Swoonrocket- notes for talk at the panel "Why Is Gertrude Stein So Important?" at the ALA.

quote...'We get from avant garde modernism, by which I mean we get from Stein, the contemporary literature that we deserve. That in short is why Stein matters.

But what is Stein? I want to tell several stories about the Stein that we deserve.

One is the Stein that appears in the publication context of her time. And as example here I want to talk some about the 150 or so pages of Stein were published in the various issues of the journal Transition. Transition was edited mainly by Eugene Jolas while he lived in Paris and it came out monthly from 1927 until 1932 (after 1932 it came out less regularly, first from the Hague and then from New York, until 1938). So it interestingly, although not uniquely, charts the development of avant garde modernism before World War II. When Jolas reprints Tender Buttons in his journal Transition, he doesn’t just put it in the journal on its own. He puts it in a larger context, in a section titled “America,” which includes not only work by other American avant gardists such as A. Lincoln Gillespie but also work from a diverse range of genres and cultures such as fairy tales of the Aztec and Inca periods, a Mexican statue, a Columbian figure, and a Peruvian bowl.
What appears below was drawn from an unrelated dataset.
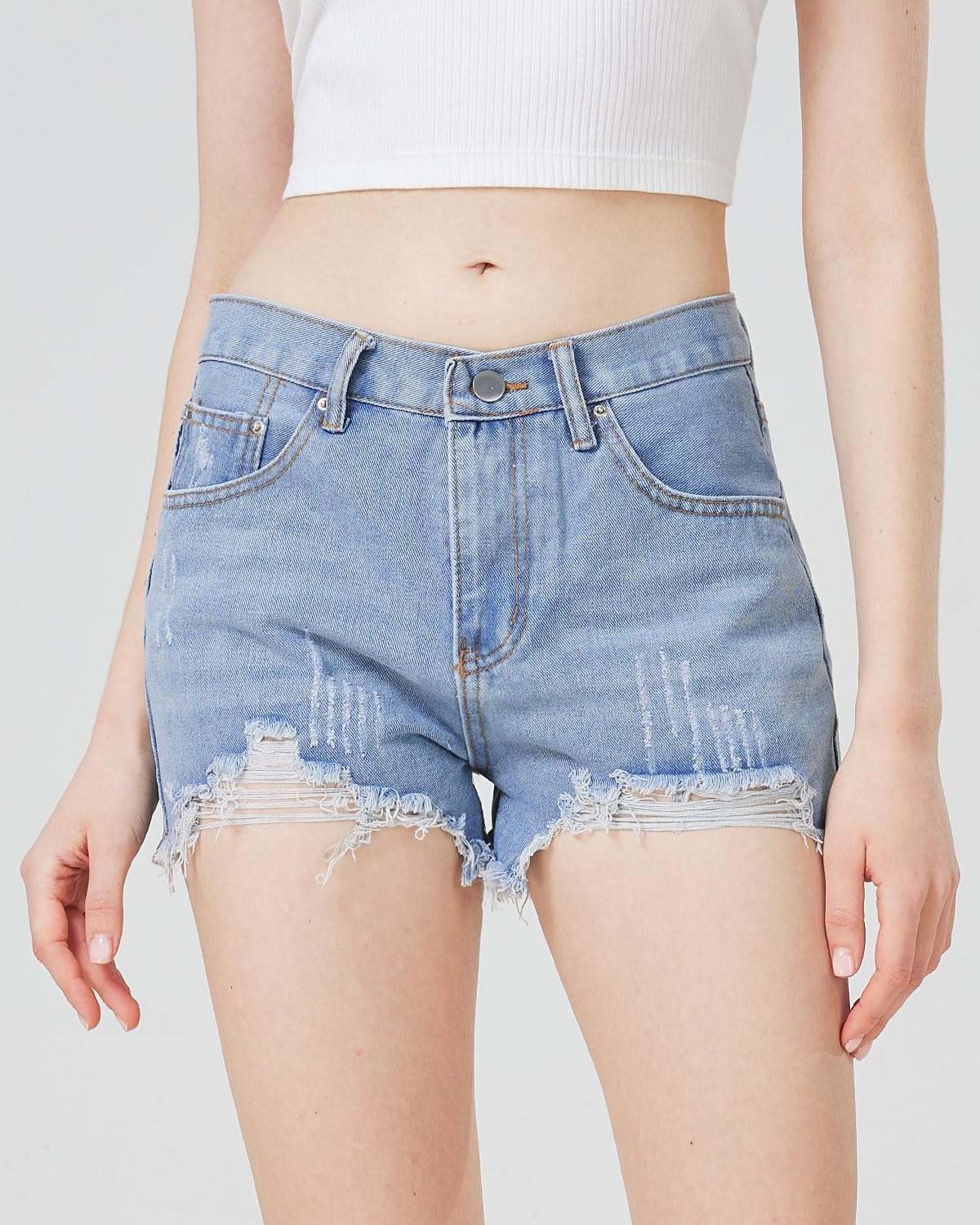 - These distressed jean shorts women featured in a stretch denim fabric, which are breathable, comfortable to wear. 4 inch inseam shorts women.

The Stein that appears in Transition is one that is in dialogue with the wide variety of arts that are new to Europe as a result of imperialism. The editorials and reviews and essays of Transition make an argument that avant garde modernism’s forms are reflective of a Europe changed by imperialism, a Europe suddenly very much aware of how different cultures and their arts and their languages are entering and shaping European centers, over and over. Jolas does not really use the words “imperialism” or “colonialism,” he does again and again relate the avant garde to economic and political changes. Again and again he argues that this writing, a writing that at moments he calls a declaration of linguistic independence and at other moments the revolution of the word, was indebted to the disruption of the center'.